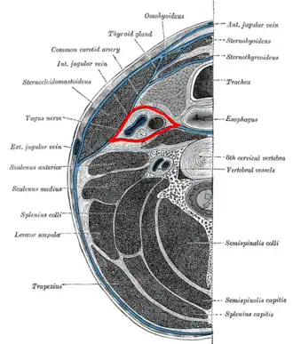 La gaine carotidienne est constitué par les lames superficielle, prétrachéale et prévertébrale du fascia cervical. Elles forment une structure tubulaire verticale de la base du crâne à la première côte et au sternum[1] (entre C7 et T4). Un septum divise le canal en trois compartiments.
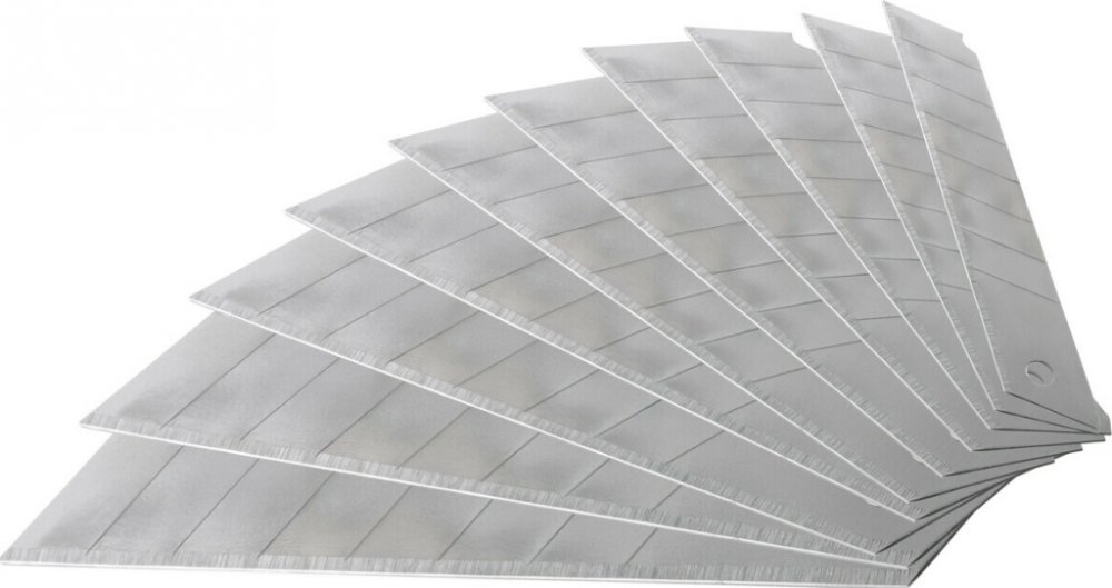 Náhradní nože do řezačky 18 mm 10ksNáhradní segmentové čepele určené pro univerzální a tapetovací nože se šířkou 18 mm. Vyznačují se vysokou odolností, dlouhou životností a přesným řezem při práci v dílně, na stavbě i v domácnosti. Čepele jsou vhodné na řezání kartonu, tapet, fólií, koberců, kabelů, pásek a dalších materiálů. Segmentová (lámačka) konstrukce umožňuje po otupení jednoduše ulomit pou...
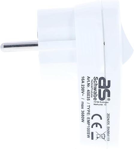 as - Schwabe Winkelstecker mit Schalter - Schutzkontaktstecker mit doppeltem Schutzkontakt - Anschluss Leitungen bis max. 1,5mm² - 2-polig schaltend - 230V - 16A - IP20 - Weiß - 45035
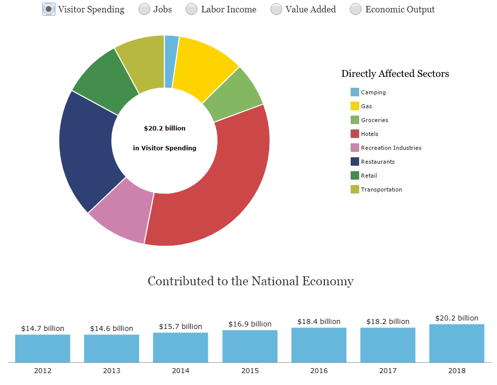 从2012年到2018年,美国国家公园在游客消费、就业、劳动收入、附加值、国民经济产出等方面都保持了逐年增长的态势。2018年,3.18亿人次游客参观了位于美国各地的国家公园,共计花费约202亿美元。这些旅游收入支持了32.9万个就业岗位,实现了136亿美元的劳动收入、234亿美元的附加价值和401亿美元的国民经济产出。
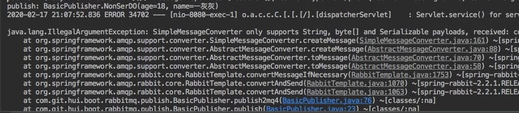 当我们调用上面的publish2mq4方法时,并不会是想象中的直接成功,相反抛出一个参数类型异常
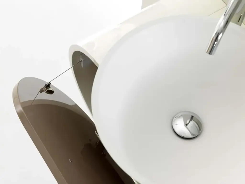 FLUX_US 3 is a bathroom composition.Finish: G61 linen lacquer + M93 glossy tobacco - Soko washbasin in matt Stone Light.New Lasaidea collection: advanced research, design innovation, total quality and high functionality.There arises an original way of conceiving and living the bathroom space in perfect harmony between creativity and tecnology. Fluid shapes that envelop body and mind. There is a space for everything: every container of the flux_us collection has the greatest usability in perfect harmony with contemporary space. Ispired to contemporary sensibility, in which the sinuous shapes and the products sobriety are emphasised by the colours and the laquers.A young, coloured, informal house. Technology, design and functionality: this is Flux_us.
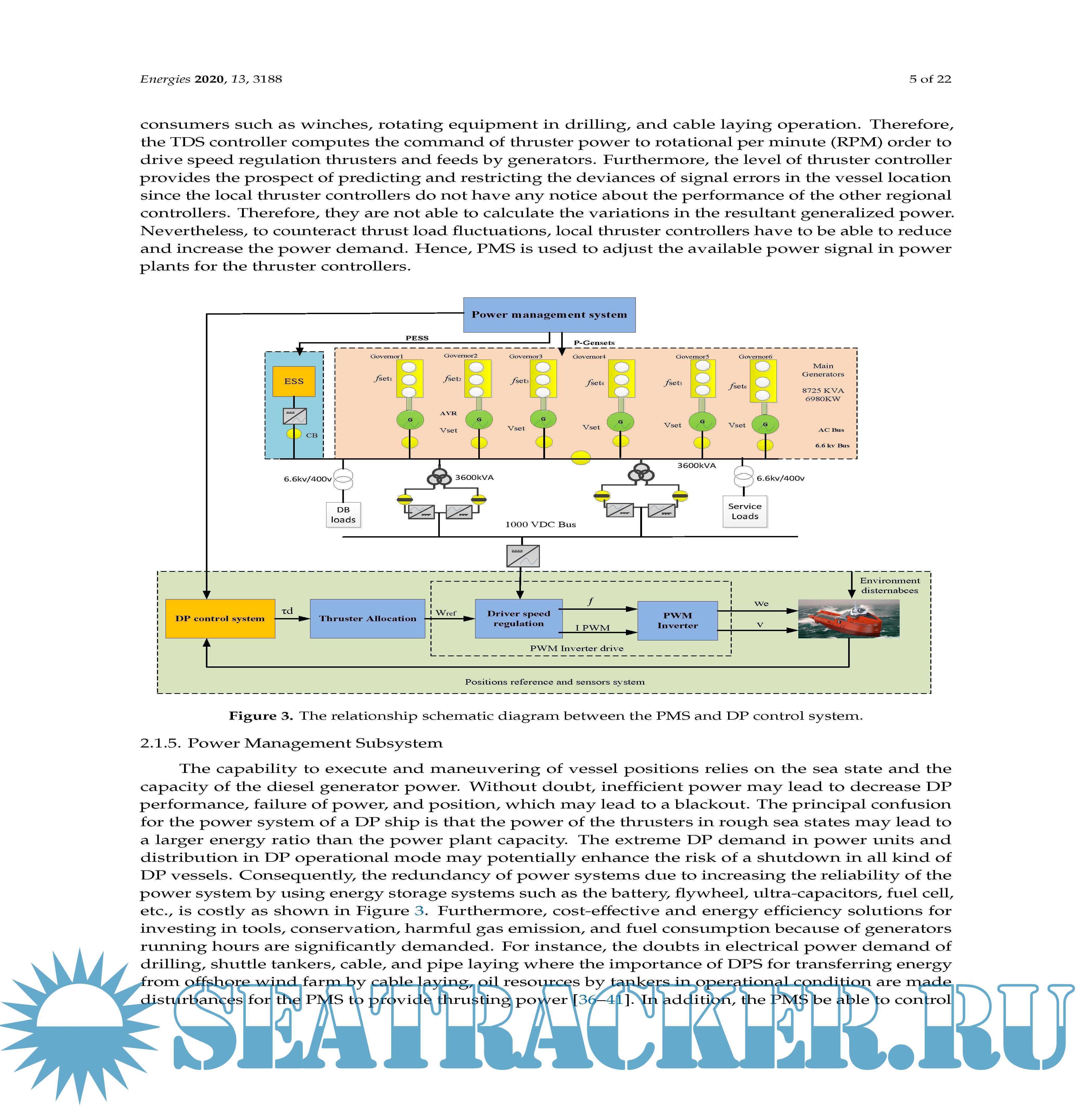 This paper reviews the control strategies and architecture of the DPS in marine vessels.
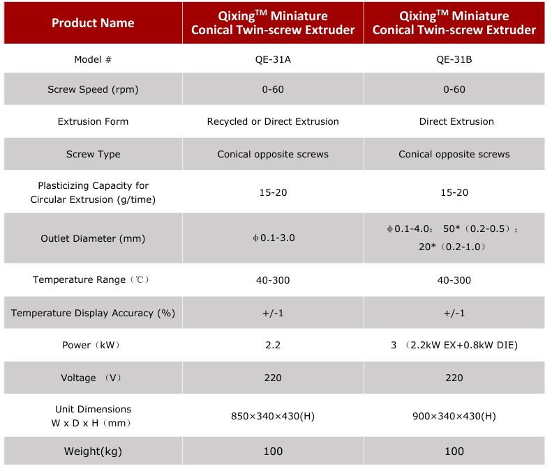 Máy đùn trục vít đôi hình nón mini QixingTM được ứng dụng rộng rãi trong:
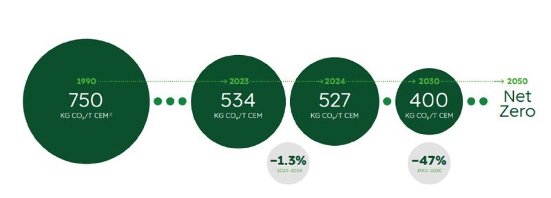 Как мы видим в целях Heidelberg Materials они планируют снижение удельных выбросов до 400 кг уже к 2030 году. В 2024 году снижение составило 1,3% или 527 кг на тонну цемента.
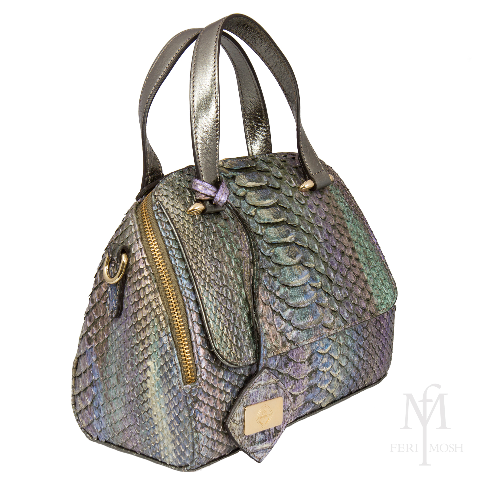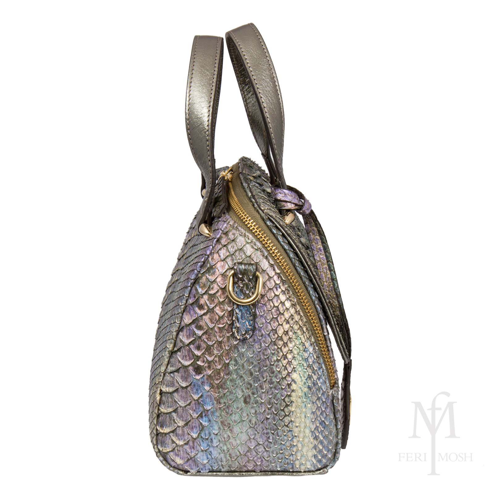 - Multi-coloured Metallic genuine python and nappa leather bag
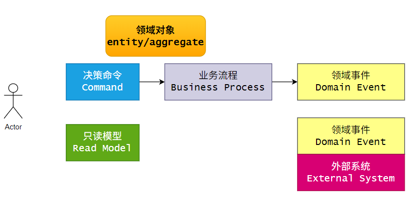 - 黄色 - 领域对象 Entity、Aggregate:角色让领域对象通过决策命令,完成领域事件。
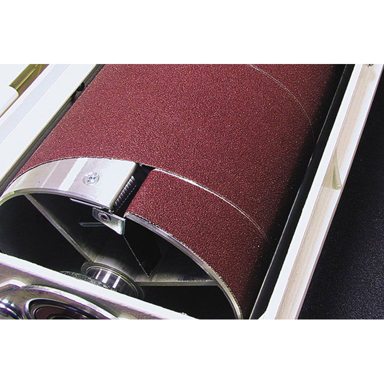 Расходным материалом служат шлифовальные ленты шириной 75 мм, которые можно выбрать в ассортименте Jet. Запатентованное быстрозажимное устройство на внутренней стороне барабана удерживает шлифовальную ленту с одной стороны, в то время как пружинный механизм натягивает её с другой.
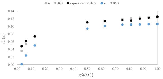 Bearing in mind that small time steps give more accurate results but also require more computational time to reach the stability condition, a balance was made between the accuracy of the results and the required simulation time (up to t = 480 min). The SSIIM model is numerically stable for long time steps, as noted above [19,36]; numerical simulations were performed using a 5-s time step. Once selected, two different values for the bed roughness height were considered, namely = 3 and = 3. The agreement between experimental measurements and model results of the scour depth at 0.03 m from the pier face was used as the main calibration criterion. The bed roughness height parameter is the main parameter responsible for the uncertainties involved in the empirical formulae relating it to the grain size distribution. Thus, in line with Figure 2, a bed roughness height of 0.0051 m (in the present case = 3) was chosen, confirming the relationship proposed by Van Rijn [56].
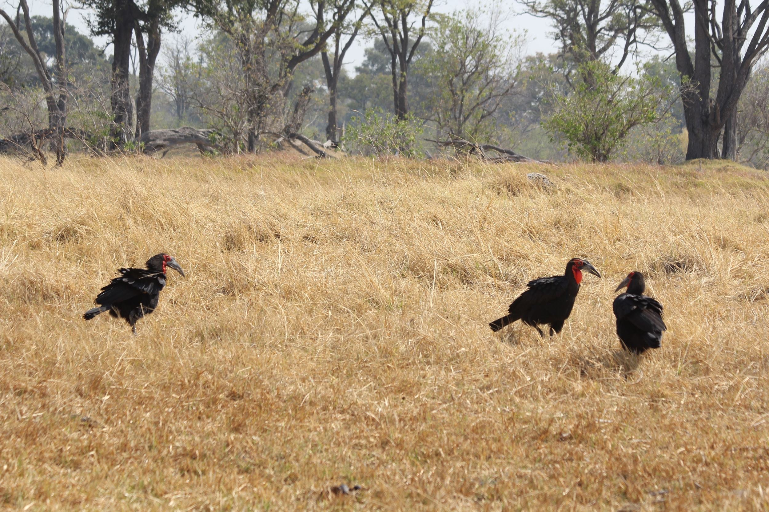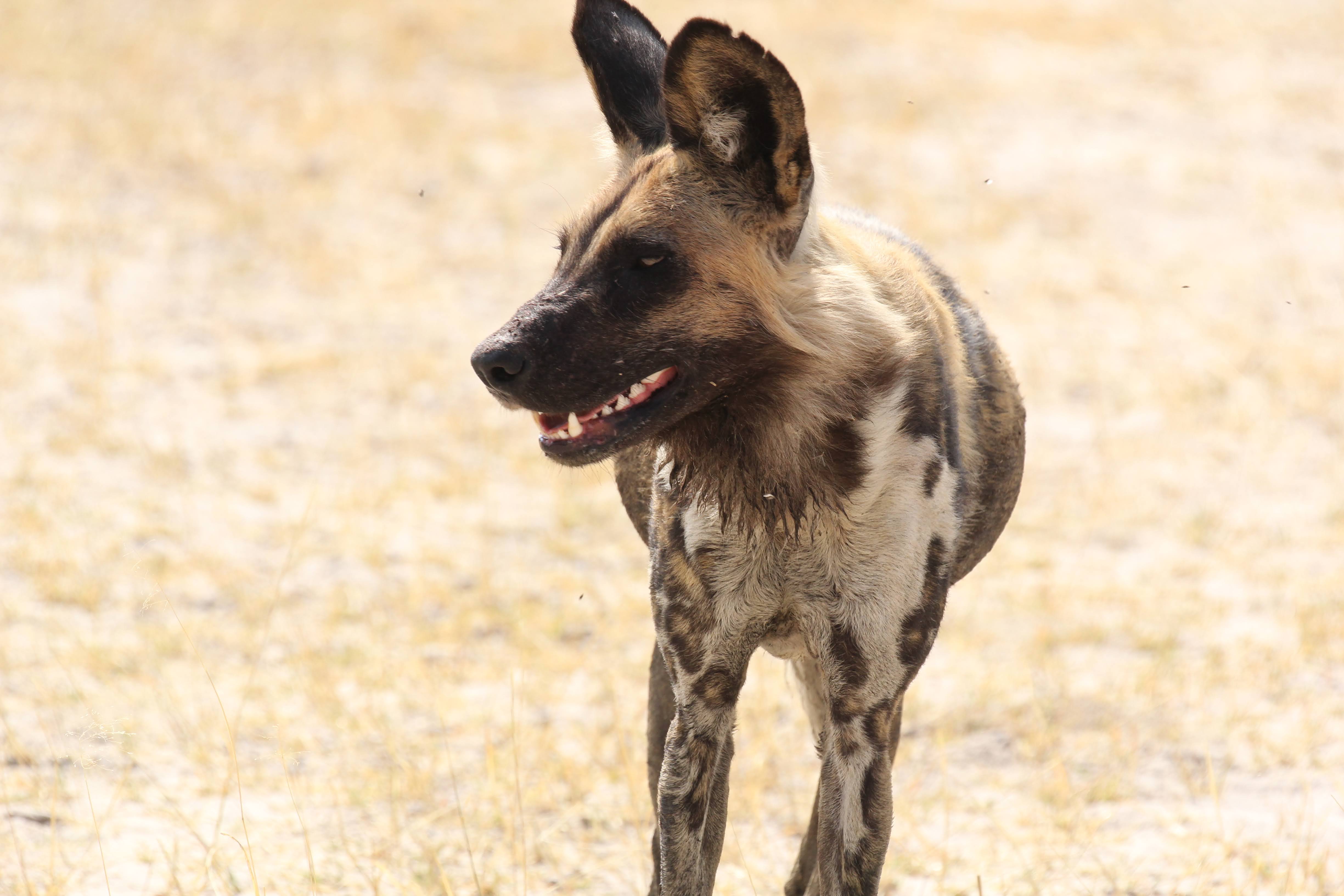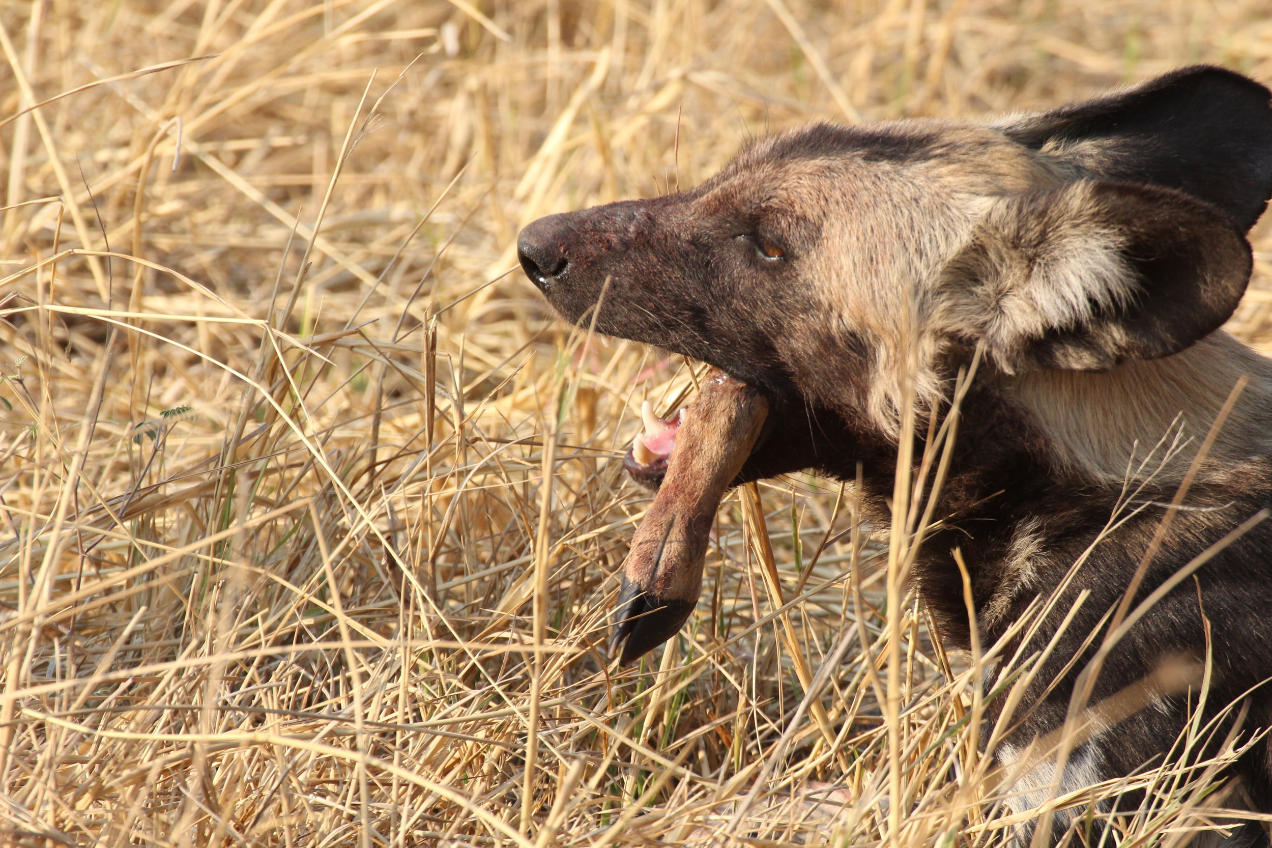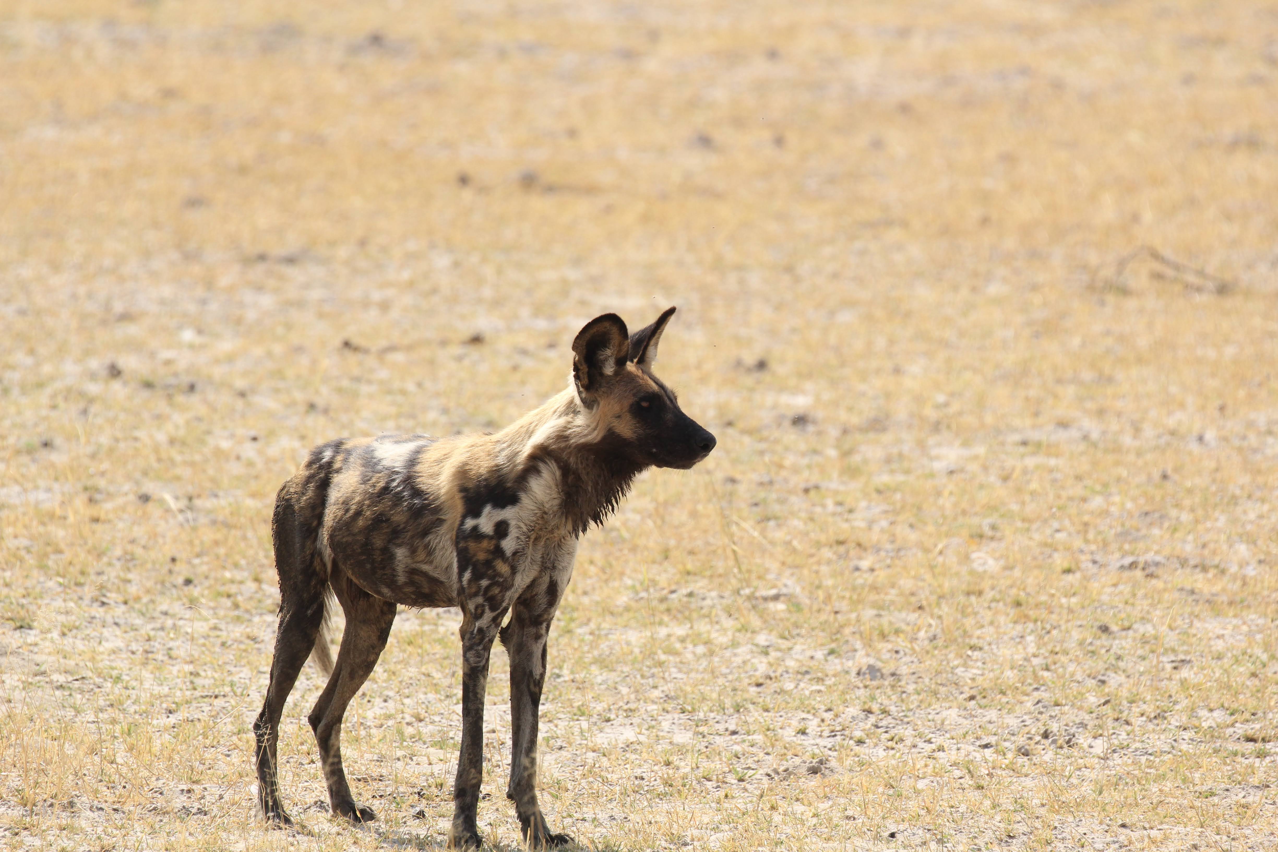 Our guide spotted a Hyena nearby the kill. He was alone and clearly hoping to scare these dogs off of the kill. Unfortunately for him, he was by himself and there were ~8 dogs on the kill. He seemed to recognize this, so he just watched from a distance. Maybe he was hoping that a couple of the dogs would run off early or another Hyena would show up and they could push the dogs off the kill. Hyenas are the opposite of Lechwe - they have really powerful front legs and weaker back ones. I’m not totally sure why that is, but it does give them a very particular look when they are running. Apparently they are quite powerful and they can run for miles and miles. It’s also a myth that they are primarily scavengers, a pack of Hyenas are hunters and can take down some big prey. But any predator here (or most places in the world) will always take advantage of a recently deceased animal, even if they weren’t the one that killed it. If you look closely, you could seem him salivating a little bit, he really wanted to eat that thing. :)
■ ■ ■ ■ ■ ■ ■
[WHAT IS NEEDED]: I'd like the records above given again exactly, please, without the pictures.

[RESULT BELOW]:
 La gaine carotidienne est constitué par les lames superficielle, prétrachéale et prévertébrale du fascia cervical. Elles forment une structure tubulaire verticale de la base du crâne à la première côte et au sternum[1] (entre C7 et T4). Un septum divise le canal en trois compartiments.
 Náhradní nože do řezačky 18 mm 10ksNáhradní segmentové čepele určené pro univerzální a tapetovací nože se šířkou 18 mm. Vyznačují se vysokou odolností, dlouhou životností a přesným řezem při práci v dílně, na stavbě i v domácnosti. Čepele jsou vhodné na řezání kartonu, tapet, fólií, koberců, kabelů, pásek a dalších materiálů. Segmentová (lámačka) konstrukce umožňuje po otupení jednoduše ulomit pou...
 as - Schwabe Winkelstecker mit Schalter - Schutzkontaktstecker mit doppeltem Schutzkontakt - Anschluss Leitungen bis max. 1,5mm² - 2-polig schaltend - 230V - 16A - IP20 - Weiß - 45035
 从2012年到2018年,美国国家公园在游客消费、就业、劳动收入、附加值、国民经济产出等方面都保持了逐年增长的态势。2018年,3.18亿人次游客参观了位于美国各地的国家公园,共计花费约202亿美元。这些旅游收入支持了32.9万个就业岗位,实现了136亿美元的劳动收入、234亿美元的附加价值和401亿美元的国民经济产出。
 当我们调用上面的publish2mq4方法时,并不会是想象中的直接成功,相反抛出一个参数类型异常
 FLUX_US 3 is a bathroom composition.Finish: G61 linen lacquer + M93 glossy tobacco - Soko washbasin in matt Stone Light.New Lasaidea collection: advanced research, design innovation, total quality and high functionality.There arises an original way of conceiving and living the bathroom space in perfect harmony between creativity and tecnology. Fluid shapes that envelop body and mind. There is a space for everything: every container of the flux_us collection has the greatest usability in perfect harmony with contemporary space. Ispired to contemporary sensibility, in which the sinuous shapes and the products sobriety are emphasised by the colours and the laquers.A young, coloured, informal house. Technology, design and functionality: this is Flux_us.
 This paper reviews the control strategies and architecture of the DPS in marine vessels.
 Máy đùn trục vít đôi hình nón mini QixingTM được ứng dụng rộng rãi trong:
 Как мы видим в целях Heidelberg Materials они планируют снижение удельных выбросов до 400 кг уже к 2030 году. В 2024 году снижение составило 1,3% или 527 кг на тонну цемента.
 - Multi-coloured Metallic genuine python and nappa leather bag
 - 黄色 - 领域对象 Entity、Aggregate:角色让领域对象通过决策命令,完成领域事件。
 Расходным материалом служат шлифовальные ленты шириной 75 мм, которые можно выбрать в ассортименте Jet. Запатентованное быстрозажимное устройство на внутренней стороне барабана удерживает шлифовальную ленту с одной стороны, в то время как пружинный механизм натягивает её с другой.
 Bearing in mind that small time steps give more accurate results but also require more computational time to reach the stability condition, a balance was made between the accuracy of the results and the required simulation time (up to t = 480 min). The SSIIM model is numerically stable for long time steps, as noted above [19,36]; numerical simulations were performed using a 5-s time step. Once selected, two different values for the bed roughness height were considered, namely = 3 and = 3. The agreement between experimental measurements and model results of the scour depth at 0.03 m from the pier face was used as the main calibration criterion. The bed roughness height parameter is the main parameter responsible for the uncertainties involved in the empirical formulae relating it to the grain size distribution. Thus, in line with Figure 2, a bed roughness height of 0.0051 m (in the present case = 3) was chosen, confirming the relationship proposed by Van Rijn [56].
 Our guide spotted a Hyena nearby the kill. He was alone and clearly hoping to scare these dogs off of the kill. Unfortunately for him, he was by himself and there were ~8 dogs on the kill. He seemed to recognize this, so he just watched from a distance. Maybe he was hoping that a couple of the dogs would run off early or another Hyena would show up and they could push the dogs off the kill. Hyenas are the opposite of Lechwe - they have really powerful front legs and weaker back ones. I’m not totally sure why that is, but it does give them a very particular look when they are running. Apparently they are quite powerful and they can run for miles and miles. It’s also a myth that they are primarily scavengers, a pack of Hyenas are hunters and can take down some big prey. But any predator here (or most places in the world) will always take advantage of a recently deceased animal, even if they weren’t the one that killed it. If you look closely, you could seem him salivating a little bit, he really wanted to eat that thing. :)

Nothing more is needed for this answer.